Now I’m coming to a generalized love of knowledge or wisdom, which is technically the meaning of “philosophy”.  And yes, the original philosophers had a broad range of interests.  And the reports of the lives of many show behaviors that seem curiously like those of the Buddhist sages.  Tranquility, insight, a resilience to the slings of fortune.

Jack Kornfeld’s page has an interesting take on the “Beginner’s Mind”, relating it to Buddhism’s warning about clinging to views.  This passage in particular is notable:

When we are free from views, we are willing to learn. What we know for sure in this great turning universe is actually very limited. Seung Sahn, a Korean Zen master, tells us to value this “don’t know mind.” He would ask his students questions such as “What is love? What is consciousness? Where did your life come from?
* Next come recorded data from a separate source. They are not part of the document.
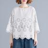 ZANZEA Women Summer Round Neck 3/4 Sleeve Printed Wave Edge Blouses
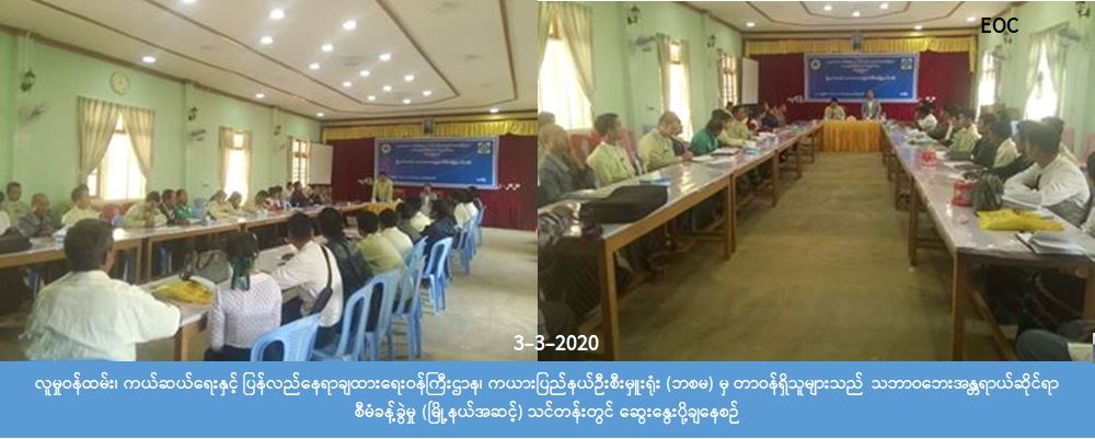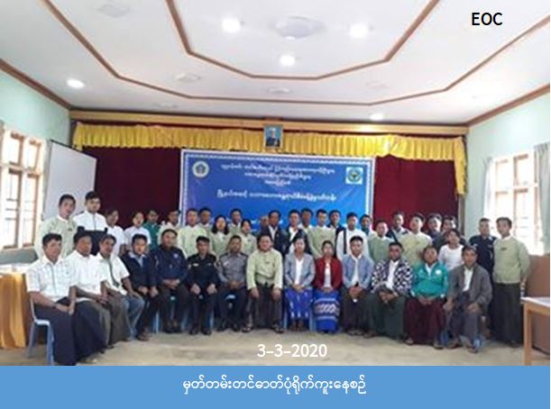 လူမှုဝန်ထမ်း၊ ကယ်ဆယ်ရေးနှင့် ပြန်လည်နေရာချထားရေးဝန်ကြီးဌာန၊ ဘေးအန္တရာယ်ဆိုင်ရာ စီမံခန့်ခွဲမှုဦးစီး ဌာန၊ ကယားပြည်နယ်ဦးစီးမှူးရုံးမှ တာဝန်ရှိသူများသည် သဘာဝဘေးအန္တရာယ်ဆိုင်ရာ စီမံခန့်ခွဲမှု( မြို့နယ် အဆင့်) သင်တန်းအား(၃-၃-၂၀၂၀)ရက်နေ့ (၀၈:၃၀) နာရီ ဖရူဆိုမြို့၊ မြို့နယ်အေထွေထွေ အုပ်ချုပ်ရေးဦးစီး ဌာန အစည်းအဝေခန်းမတွင် သင်တန်းသားဦးရေ (၄၃) ဦးဖြင့် ဖွင့်လှစ်ခဲ့ပြီး သင်တန်းကာလမှာ (၃-၃-၂၀၂၀) ရက်နေ့မှ (၅-၃-၂၀၂၀)ရက်နေ့အထိ (၃) ရက်ကြာ ဖွင့်လှစ်ပို့ချသွားမည်ဖြစ်ကြောင်း သိရှိရပါသည်။
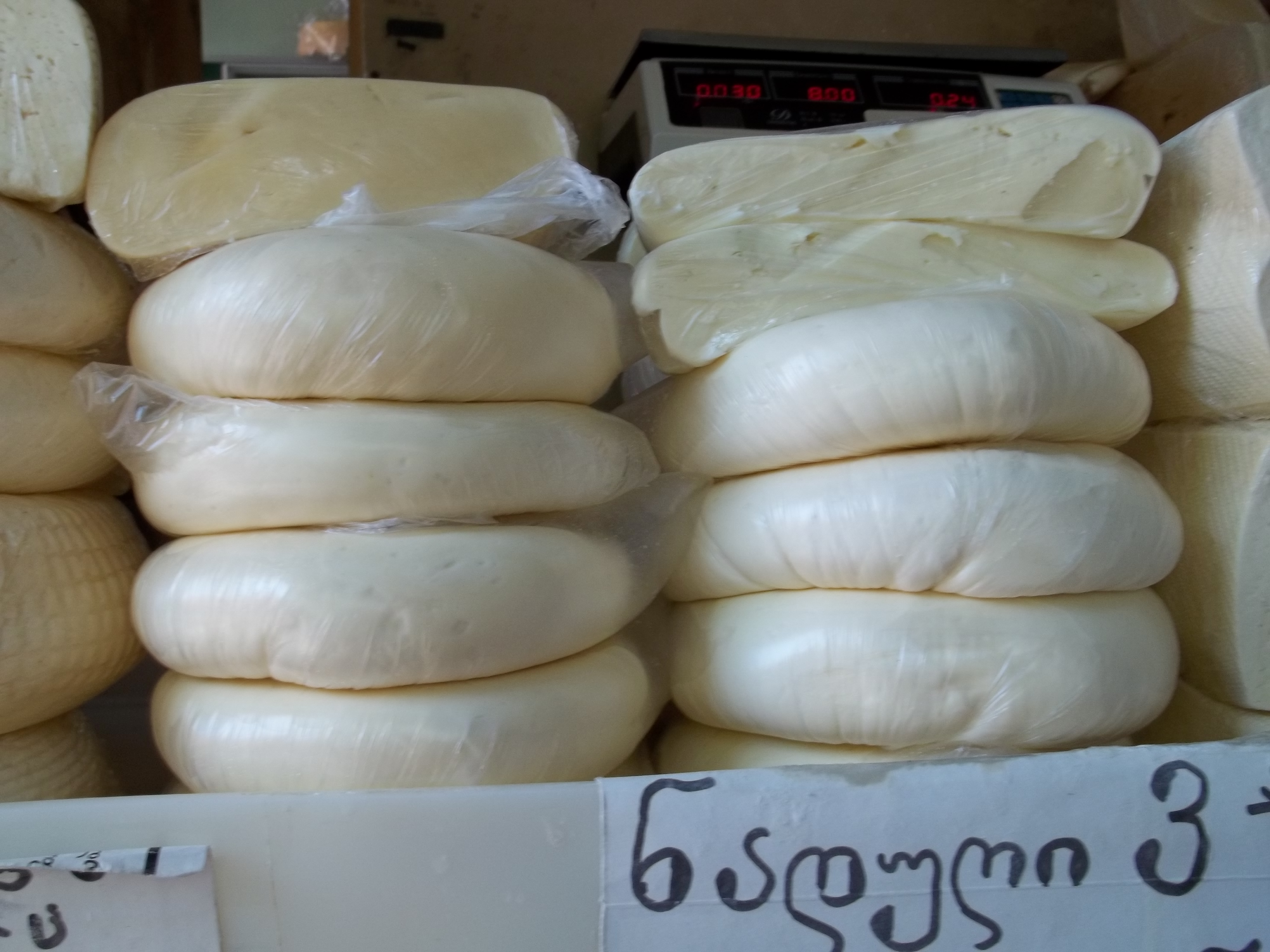 Sulguni (Georgian: სულგუნი) is a cheese from the Samegrelo region of Georgia. It has a sour, moderately salty flavor and an elastic consistency. Sulguni is made using only natural ingredients: normalized cow milk clotted by rennet with pure cultures of lactic bacteria. It is a “quick cheese” maturing in just one or two days.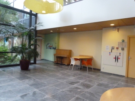 Wat zien we verder? Een leestafel met lekkere stoelen, met daarachter een internethoek, een piano verloren in een hoekje, uitzicht op een binnentuin met aan de over kant een kinderopvang.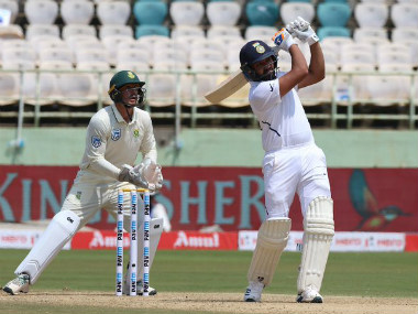 Visakhapatnam: India reached a commanding 202 for no loss before persistent rain forced early stumps on the opening day of the first Test against South Africa on Wednesday. Going strong at 202 for no loss in 59.1 overs, India were forced to take early tea after clouds gathered over the stadium towards the end of the second session. [caption id=“attachment_7441291” align=“alignleft” width=“380”] At the end of Day 1 of the first Test between India and South Africa, Rohit Sharma remained unbeaten at 115 off 174 balls. Twitter @BCCI[/caption] Heavens opened up during the break, delaying the start of the post-tea session at the Dr YS Rajasekhara Reddy ACA-VDCA stadium. With the rain showing no signs of abating, umpires decided to call off the play for the day.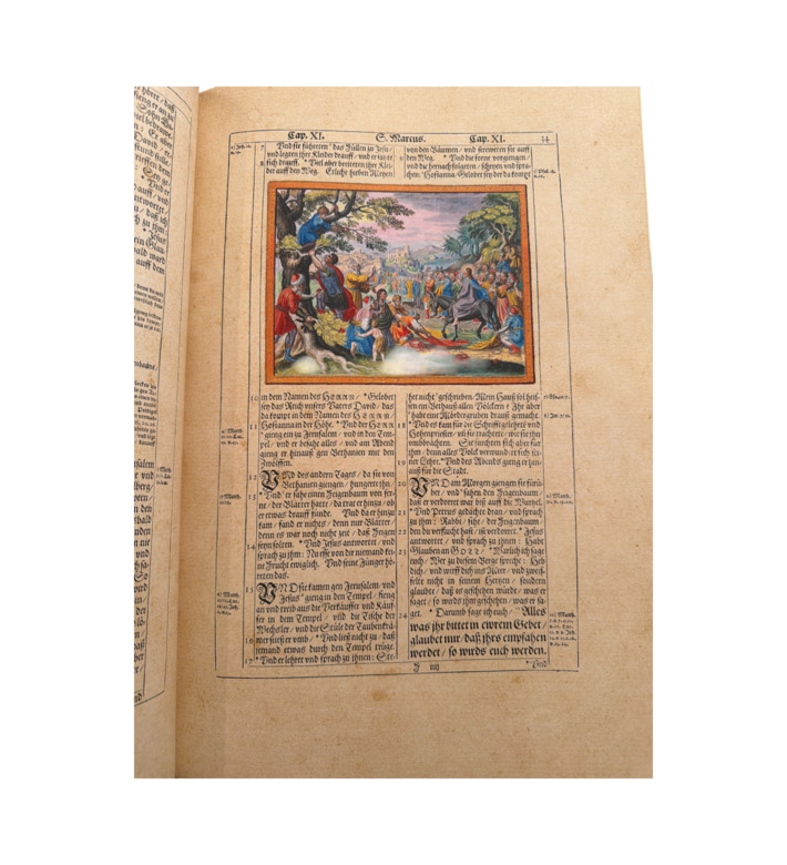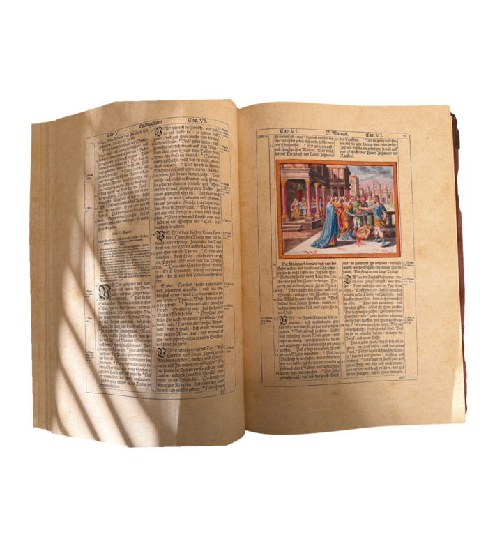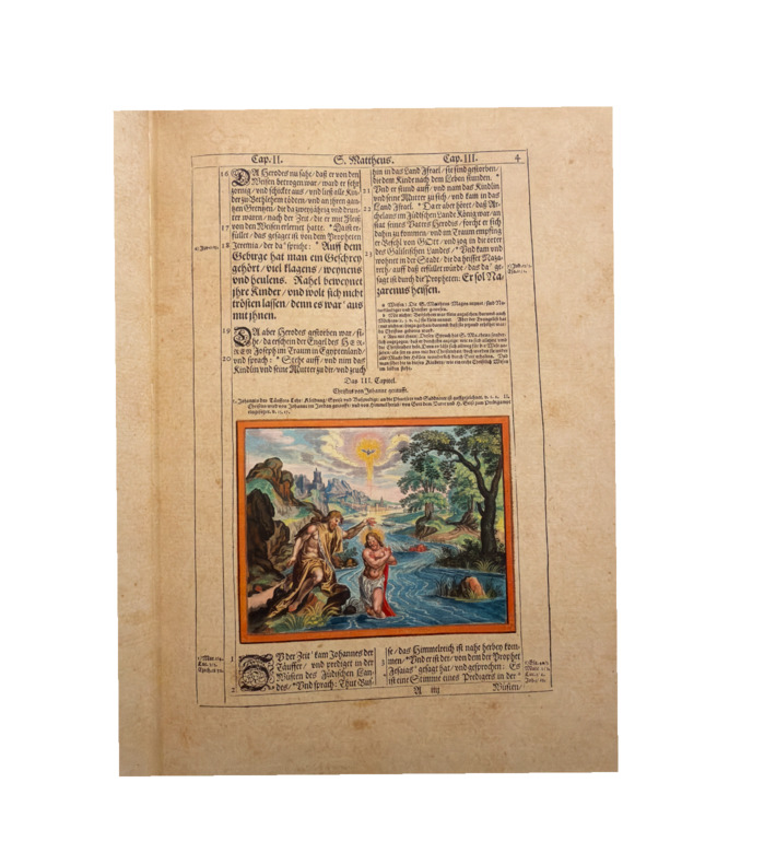 Die berühmte „Kupferbibel“ des Matthäus Merian d. Ä. (1593–1650) zählt zu den prachtvollsten Druckwerken des 17. Jahrhunderts. 1630 veröffentlicht, vereint sie den Text des Neuen Testaments in deutscher Sprache, gesetzt in eleganter Frakturschrift, mit 77 meisterhaften Kupferstichen. Diese kolorierten Illustrationen gelten als Höhepunkt barocker Druckgrafik und verbinden außerordentliche Detailgenauigkeit mit künstlerischer Lebendigkeit.

What is going to happen tomorrow?” Each time, the students would answer, “I don’t know.” “Good,” Seung Sahn replied. “Keep this ‘don’t know mind.’ It is an open mind, a clear mind.”

Seung Sahn’s method sounds similar to Socrates’ method, in which he would ask people questions about things they thought they knew.  In his case, rather than instructing them to say “I don’t know”, he’d show them they didn’t know by questioning them until they came to an intellectual cul-de-sac.  Socrates himself claimed he knew nothing, and he reportedly embodied some of the same attributes we’d expect to see of someone who has cultivated the inner path, such as his great tranquility even as he was being executed.

At this point, it’s necessary to re-iterate the value of genuine curiosity.  We’re not trying to be subject matter experts.  If anything, like Socrates, we know that we don’t know, and in learning, we not only learn, but become aware of just how much we don’t know.

Could philosophy and meditation seek the same ends?  At first glance, this may not seem so.  Eastern paths are rife with criticisms about discursive thought, and philosophy seems discursive to its core.  However, what if it isn’t discursive thought, but a type of discursive thought that’s the problem?  What if the problem is egocentric patterns of discursive thought, patterns of thought associated with gain, loss, self-aggrandizement, worry and revisiting old wounds? Perhaps there is no incompatibility with those paths?  Perhaps those paths reinforce each other?